In all cases of suspected TMD, imaging will be required to support a diagnosis and eliminate possible other conditions. One of the most basic and initial radiographs used is the panorex. One of the important things to recognize is that the panorex actually does not tell us much about the jaw joint. It does show the jaw and the associated structures and is a helpful tool in identifying any periodontal or odontogenic causes for orofacial pain. A panoramic x-ray essentially rules out other possible causes of pain in the TMJ region, and allows the clinician to begin assessment by narrowing down the possible causes. A panorex does allow the clinician to assess bony changes in the masseter insert region as well as stylohyoid ligament calcifications, which are both signs of chronic excessive clenching and grinding, and extremely common in TMD patients with symptoms.
In patients with symptoms, once other possible causes are ruled out by the panorex, additional imagining is usually required in order to finalize the diagnosis. This includes a CBCT, MRI or other imaging to visualize the condyle, disc position, and degeneration of the jaw joint.
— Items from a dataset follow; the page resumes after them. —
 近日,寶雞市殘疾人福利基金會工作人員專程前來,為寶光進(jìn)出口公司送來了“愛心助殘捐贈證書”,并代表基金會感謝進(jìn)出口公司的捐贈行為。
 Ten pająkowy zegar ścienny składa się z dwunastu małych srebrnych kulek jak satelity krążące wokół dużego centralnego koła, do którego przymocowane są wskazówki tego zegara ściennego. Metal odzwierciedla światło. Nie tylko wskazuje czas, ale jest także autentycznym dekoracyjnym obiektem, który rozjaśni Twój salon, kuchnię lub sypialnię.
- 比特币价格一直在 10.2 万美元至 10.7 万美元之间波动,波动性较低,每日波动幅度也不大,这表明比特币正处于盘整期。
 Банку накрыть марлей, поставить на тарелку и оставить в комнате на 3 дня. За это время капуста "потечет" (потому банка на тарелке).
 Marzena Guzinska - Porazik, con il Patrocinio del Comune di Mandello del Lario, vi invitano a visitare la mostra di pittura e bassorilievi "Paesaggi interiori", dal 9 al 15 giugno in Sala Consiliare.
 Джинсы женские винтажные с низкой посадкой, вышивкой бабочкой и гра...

Assessment of TMD patients with dysfunction usually leads to one of the following diagnoses:
- Disc Displacement with reduction – reproducible click on opening and closing
- Disc Displacement without reduction – history of joint noise and limitation of mandibular opening but no click present currently. Slight limitation of opening. Limitation o the affected side or both
- Capsulitis – tenderness of TMJ with range of motion limited by pain; no crepitus
- Osteoarthritis – tenderness of TMJ (laterally or in ear canal on palpation) with crepitus
- Rheumatoid arthritis – same as Osteoarthritis but pt confirms medical diagnosis of RA
- There are other possible diagnoses and a definitive statement cannot be made until further testing is completed and confirmed.